Friday, October 2, 2009
Starting college (again) has been a life changing event, obviously. And it has really challenged my ability to define myself to other people. As most of you know, I'm not one for definitions, but since I seem to be meeting new people and being asked lots of questions about who I am and what I do, and how I define myself, I thought I'd give it a shot.
I am: a woman, a student. a sister, a daughter, a friend. a lover and a fighter. a victim and a survivor. a writer. a mathematician. a musician. and activist. sometimes crass, abrupt or abrasive. always stubborn and opinionated. respectful. motivated. desired. loved.
Many of those (and that is really only a small portion) are straight forward, and easy to define, although I can't say that I would define myself by any one of those descriptives. They all play a certain part in who I am, but there seems to be no one defining factor.

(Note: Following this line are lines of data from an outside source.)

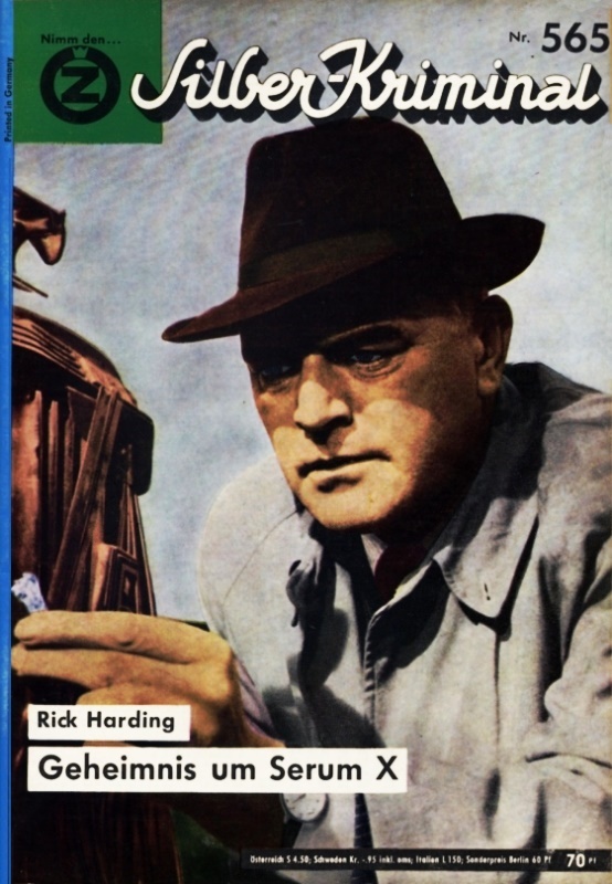 RICK HARDINGSERUM X[ Ein Nat-Bull-Kriminalroman ]Kriminalroman um eine Erpressung mit einem tödlichem Serum mit minimalem utopisch-phantastischen Gehalt.Nat Bull. Oder Captain Jonathan Bull, das beste Pferd im Stall des US-Geheimdienstes CIA. Klar, daß ein solcher Mann immer da zu finden ist, wo scheinbar unlösbare Fälle zu lösen sind.Diesmal finden wir ihn in der Riesenstadt New York. Ihn und seinen schurrbärtigen Freund Archibald Londonderry, der nicht halb so steif und unbeweglich ist, wie es auf den ersten Blick aussieht. Was ein Mitglied des englischen Geheimdienstes ausgerechnet in Amerikas größter Stadt zu suchen hat?Nun - ein englischer Professor, der in New York arbeitet, ist verschwunden. Entführt - sagen die einen. Untergetaucht - meinen andere. Oder tot - ermordet? Vielleicht ist es auch ein Selbstmord?Über 10 000 Menschen verschwinden jährlich in New York. Die meisten werden wiedergefunden. Dafür ist die bewährte Spezialabteilung der City Police zuständig.Was hat also der Geheimdienst zweier Staaten damit zu tun? Sir Thomas, der englische Professor, ist ein wichtiger Mann. Nur er besitzt das Geheimnis des "Serum X", und wenn er nicht gefunden wird, werden innerhalb von Stunden fünf Menschen sterben. Auch seine eigene Tochter . . .Mehr wird nicht verraten - folgen Sie Nat Bull und Archibald Londonderry nach New York, wo die beiden ihre bisher härteste Nuß zu knacken haben.Achtung!! Nicht vor dem Schlafengehen lesen!!!Impressum: Alle Rechte vorbehalten · SABA=Bücher · Verlag: Schälter & Co., Hemer-Sundwig.SABA-BÜCHER im Verlag Schälter & Co. · Hemer-Sundwig[ OA | o. J. (ca. 1964) | 255+1=256 S. [5-129,132-256] | 18,5 x 12,5 | Farb. ill. Supronyl: DM 7,60 | mit Werbung für Romane des CIA-Agenten Nat Bull auf Seite 130-131 ] +up laut:
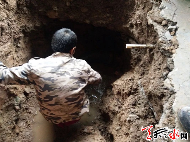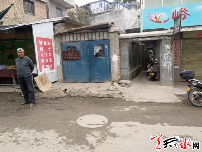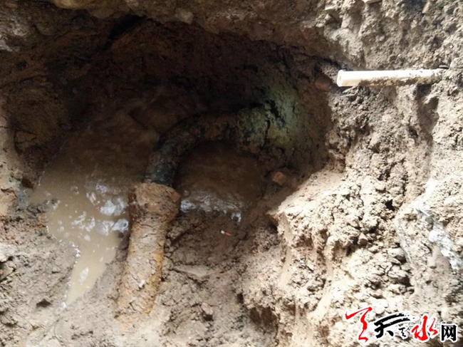 记者看到,在巷道东侧一店铺门前,路面被挖开一个大坑,一名男子正在坑内作业,坑外有几个人在指挥。经询问得知,其中一人是该村管理水站的刘师傅,其他几人是秦州区房管局工程队的工作人员。刘师傅告诉记者,近期停水是上水管道破裂所致。“10月13日供水期间,突然从该店铺门前的地下管道向路面喷水,于是工作人员排查寻找管道破裂处。后经加压测试,位于弯管处的破裂点很快找到了。”
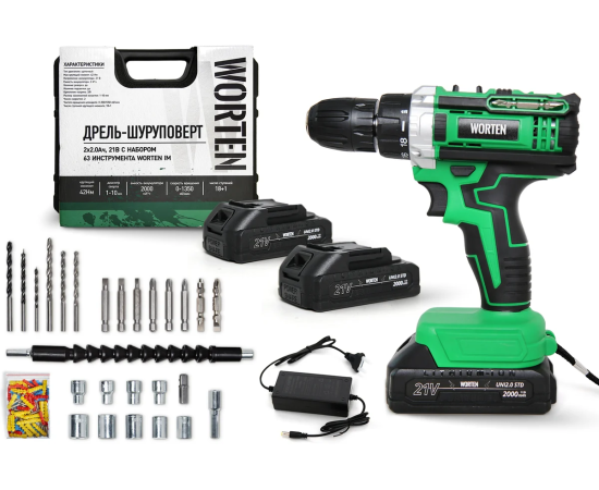 Дрель-шуруповерт WORTEN IM КА-90000574 2x2.0Ач+ЗУ, 21В с набором 63 инструмента

It's when we whittle everything down, and look at certain things such as "what do you believe?" "what do you want?" that things begin to get muddled.
So far, and as I've chronicled a bit in this blog, I have been unable to define things about myself like religion and sexuality, even though I've run the gamut on both. When it comes to politics, I call myself a liberal, but there are certain issues I am too ignorant of to make any sort of statement.
In college, everyone talks about what they want. A guy in one of my classes said "fame, power and fortune". Oh, if only it were so easy. I can't say... what do I want where? out of life? out of relationships? out of my career or education?
I have to say that from what I can discern, everyone would define themselves in a different context, and at different moments in their lives be different things. I feel ok with that. After realizing that the world is more grey then black and white, things begin to feel less complicated, and there is less forced definition.
For now, all I can answer is that I'm me. And I love me, and I'm happy with where my life is and what I'm doing.